Why strengthen security?#
Your Syndic+ account contains personal information for all co-owners (name, email, contact, financial situation) and confidential syndicate documents. Bill 25 requires security measures appropriate to the sensitivity of the data.
Available authentication methods#
| Method | Security | Usability |
|---|---|---|
| Password alone | ⭐⭐ | ⭐⭐⭐⭐⭐ |
| Password + 2FA (TOTP) | ⭐⭐⭐⭐ | ⭐⭐⭐ |
| Password + 2FA (SMS) | ⭐⭐⭐ | ⭐⭐⭐⭐ |
| Magic link (email) | ⭐⭐⭐ | ⭐⭐⭐⭐⭐ |
| Passkey (biometric) | ⭐⭐⭐⭐⭐ | ⭐⭐⭐⭐⭐ |
Syndic+ strongly recommends passkeys for admins — maximum security and seamless experience (Touch ID, Windows Hello, USB key).
Enable 2FA#
Open settings
Settings → Security → Two-factor authentication.
Pick a method
- Authenticator app (Google Authenticator, 1Password, Authy, etc.) — recommended
- SMS — less secure but simpler for non-technical users
Scan the QR code
With your authenticator app, scan the QR code shown. A 6-digit code appears, refreshed every 30 seconds.
Confirm
Enter the current 6-digit code in Syndic+. Once validated, 2FA is active.
Save the recovery codes
10 single-use codes are generated. Store them somewhere safe (password manager, vault). They let you regain access if you lose your phone.
Enable a passkey#
Settings → Security → Passkeys
Click Add passkey.
Choose the type
- This device: Touch ID on Mac, Windows Hello on PC, PIN/biometric on phone
- Security key: YubiKey, Titan, etc.
- Another device: passkey from a phone (QR code)
Validate biometrically
The browser prompts for confirmation (fingerprint, face ID, PIN). The passkey is created and linked to your account.

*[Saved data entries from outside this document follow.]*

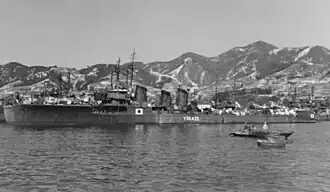 ![]() Yūkaze anchored at Kure with other Japanese destroyers after the surrender of Japan, October 1945
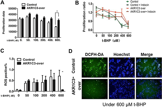 Figure 3: Mechanistic exploration of AKR1C3 as a cellular factor for protecting cells from irradiation damage. (A) Control and AKR1C3-over cells were treated with a series concentration of t-BHP or DMSO for 1 h followed by cell proliferation assessment by CCK-8 assay. Data presented is the average of three experiments (SD), *P < 0.05, **P < 0.01. (B) AKR1C3-over cells ,control cells, AKR1C3-over cells pretreated with 20 mmol/ indomethacin for 2 days and control cells pretreated with 20 mmol/ indomethacin for 2 days were treated with a series concentration of t-BHP or DMSO followed by cell proliferation assessment by CCK-8 assay. Data presented is the average of three experiments (SD), *P < 0.05, **P < 0.01. (C) Quantifications of the ROS levels in Control and AKR1C3-over cells prior to and 1 h after 600 μM t-BHP treatment . Data presented is the average of three experiments (SD), *P < 0.05, **P < 0.01. (D) Representative microscopic view of the accumulation of ROS in Control and AKR1C3-over cells stained by DFCH after 600 μM t-BHP treatment.
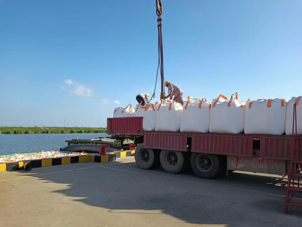 在火辣辣的太陽無情地照射下,一群勤勞的碼頭工人們正在調度著車輛和船只的進出,確保噸袋運輸過程的順暢無阻。另外幾個工人正操縱著高大的吊,他們小心翼翼地裝卸著貨物,每一個動作都顯得格外謹慎。整個碼頭被一種熱烈而緊張的“高溫”氛圍所籠罩,仿佛連空氣都因為這份熱情而變得灼熱起來。
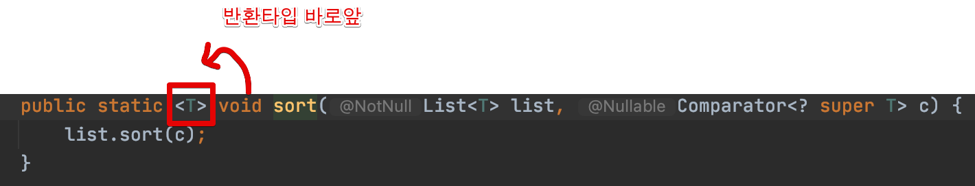 제네릭 타입의 선언 위치는 반환타입 바로 앞입니다.
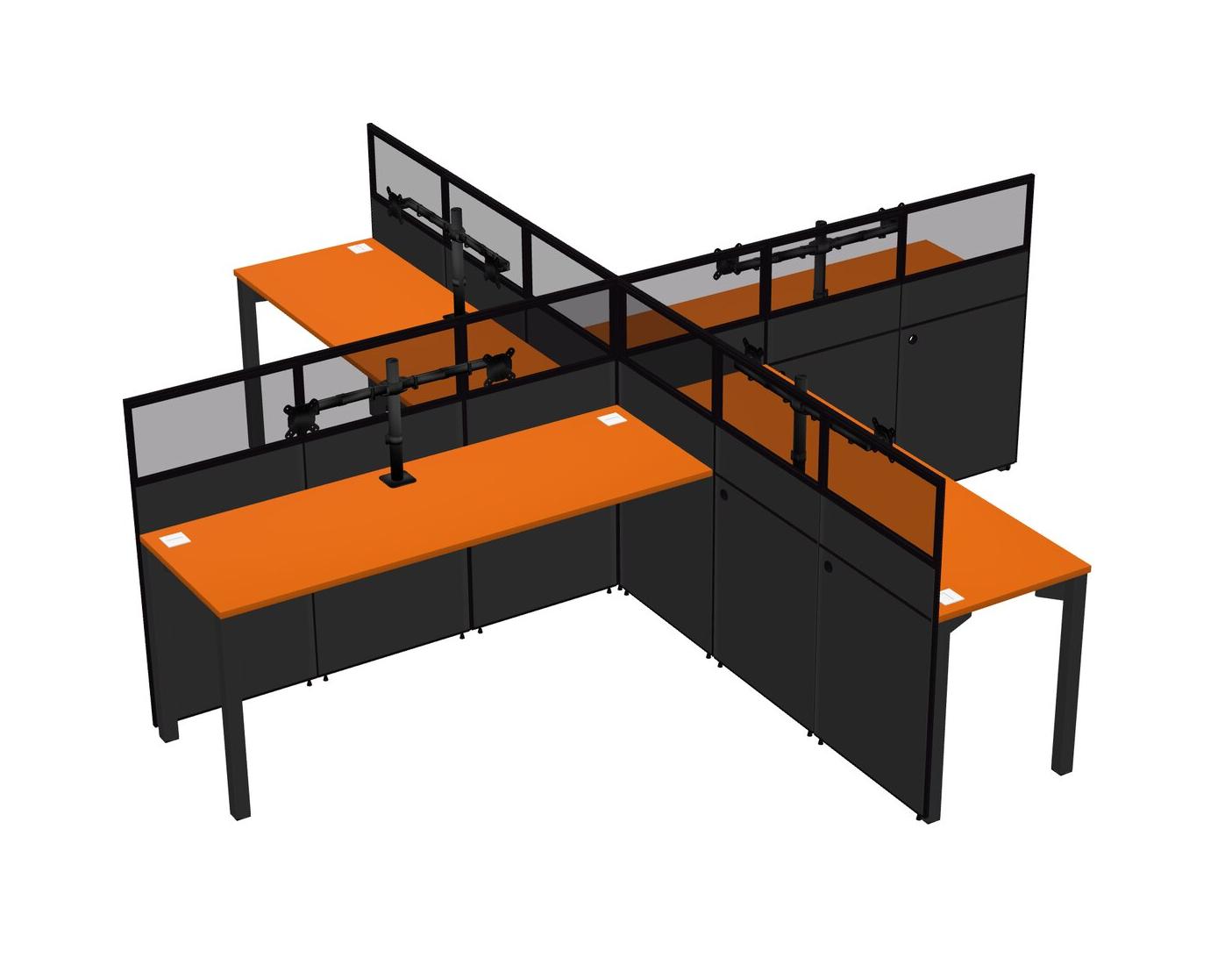 Postes De Travail Quadruples Orange Pour 4 Personnes + Bras Pour écran (bras Doubles)
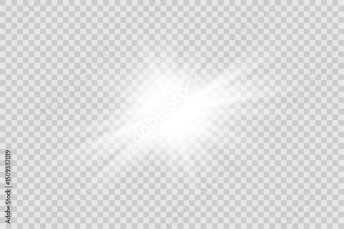 White glowing light explodes on a transparent background. with ray. Transparent shining sun, bright flash.
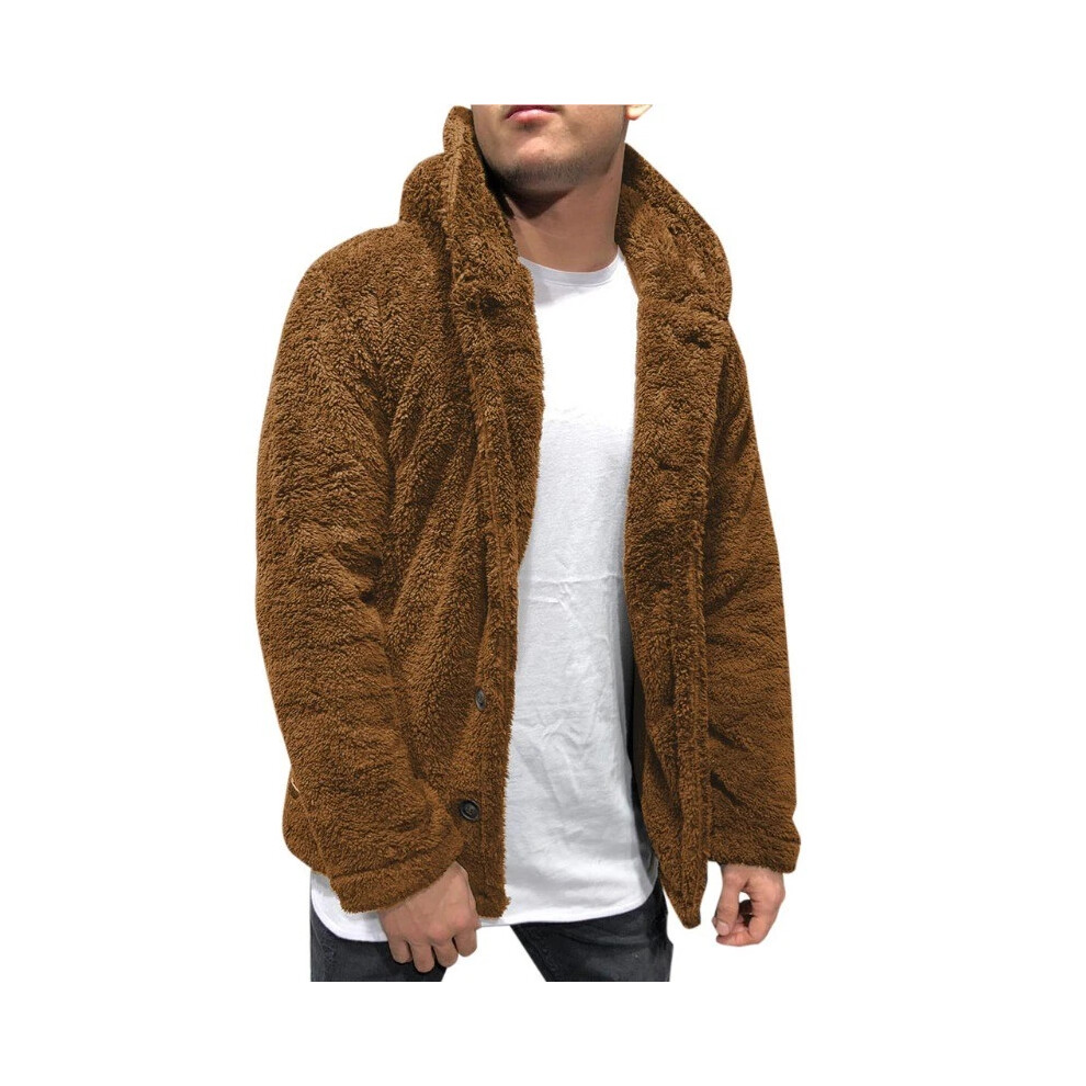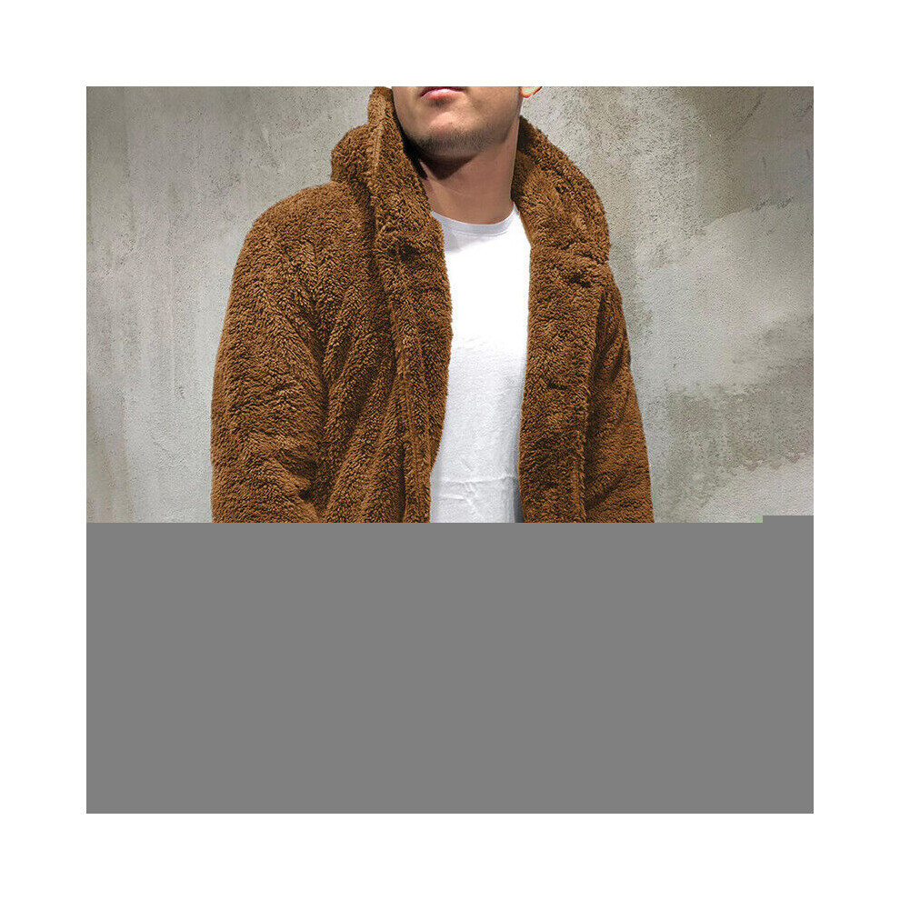 (Coffee, M) (Apricot, M) Men's Winter Warm Faux Fur Fluffy Jacket Long Sleeve Hooded Coat Plush Outwear
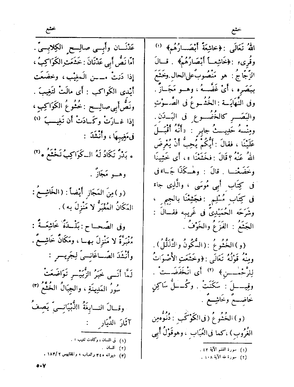 والخُشُوعُ فِي الكَوْكَبِ: دُنُوُّهِ مِن الغُرُوبِ، كَمَا فِي العُبَابِ، وَهُوَ قَوْلُ أَبِي عَدْنَان وأَبِي صالِحٍ الكِلابيّ. أَمّا نَصُّ أَبِي عَدْنَانَ: خَشَعَتِ الكَوَاكَبُ، إِذا دَنتْ من المَغِيْب، وخضَعَت أَيْدِي الكَواكب: أَي مالَتْ لتَغِيبَ. ونَصُّ أَبِي صالِحٍ: خُشُوعُ الكَوَاكِبِ، إِذا غارَتْ وكَادَتْ أَن تَغِيبَ فِي مَغِيبِهَا، وأَنْشَدَ: بَدْرٌ تَكَادُ لَهُ الكَوَاكِبُ تَخْشَعُ وَهُوَ مَجَازٌ. ومِنَ المَجَازِ أَيْضاً: الخَاشِعُ: المَكَانُ المُغْبَرُّ لَا مَنْزِلَ بِهِ. وَفِي الصّحاح: بَلْدَةٌ خَاشِعَةٌ: مُغْبَرَّةٌ لَا مَنْزِلَ بهَا، ومَكَانٌ خَاشِعٌ. وأَنْشَدَ الصّاغَانِيّ لِجَرِيرٍ:
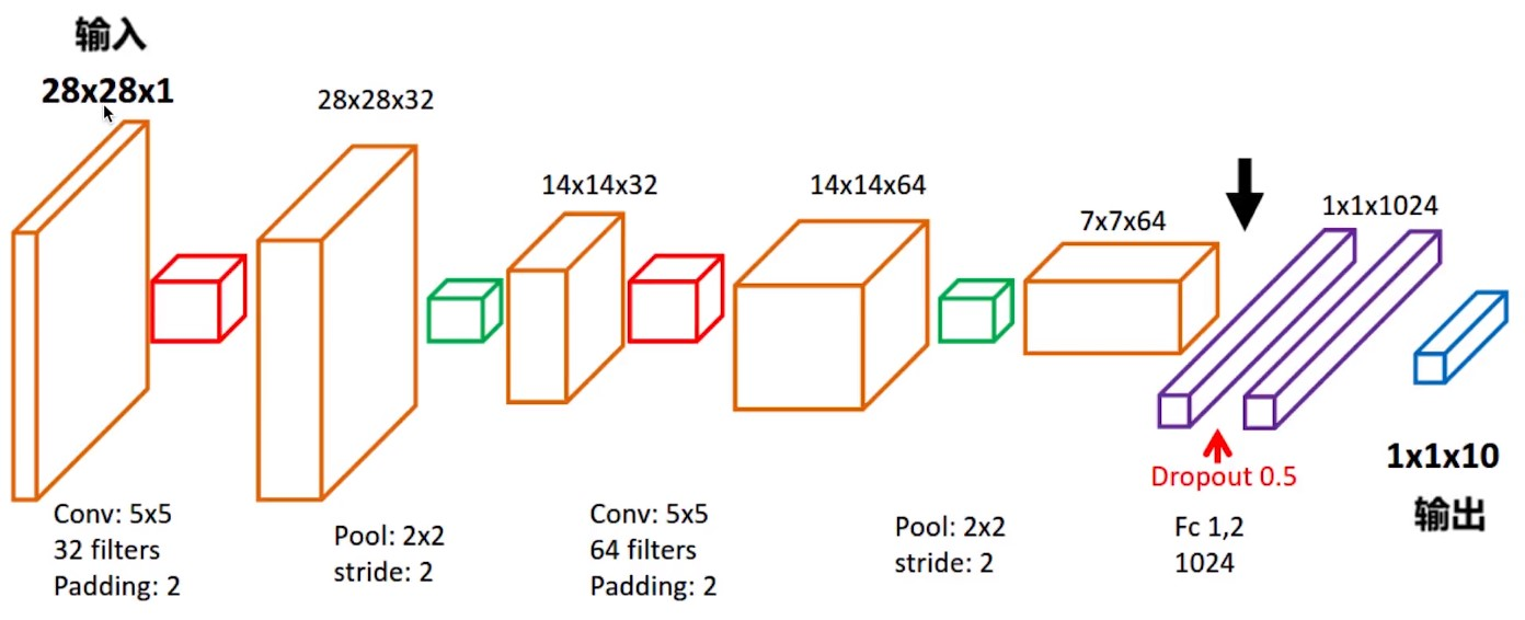 经过池化层max pooling变成 14 * 14 * 32,在经过第二层的卷积,64个过滤器,变成14 * 14 * 64 在经过一层pooling变成 7 * 7 * 64

Passkeys sync across your devices via iCloud Keychain (Apple), Google Password Manager (Android/Chrome), or Windows Hello. Sign in from any of your devices.
Third-party apps (Google, Microsoft)#
You can link your account to:
- Microsoft / Entra ID: click Connect Microsoft — secure OAuth 2.0
- Google: click Connect Google
These accounts can replace the password at sign-in if enabled.
Require 2FA for the whole syndicate#
Owners can require 2FA for all board members:
Settings → Syndicate → Bill 25 Compliance → Require 2FA for admins
Members without 2FA are prompted to enable it at their next sign-in.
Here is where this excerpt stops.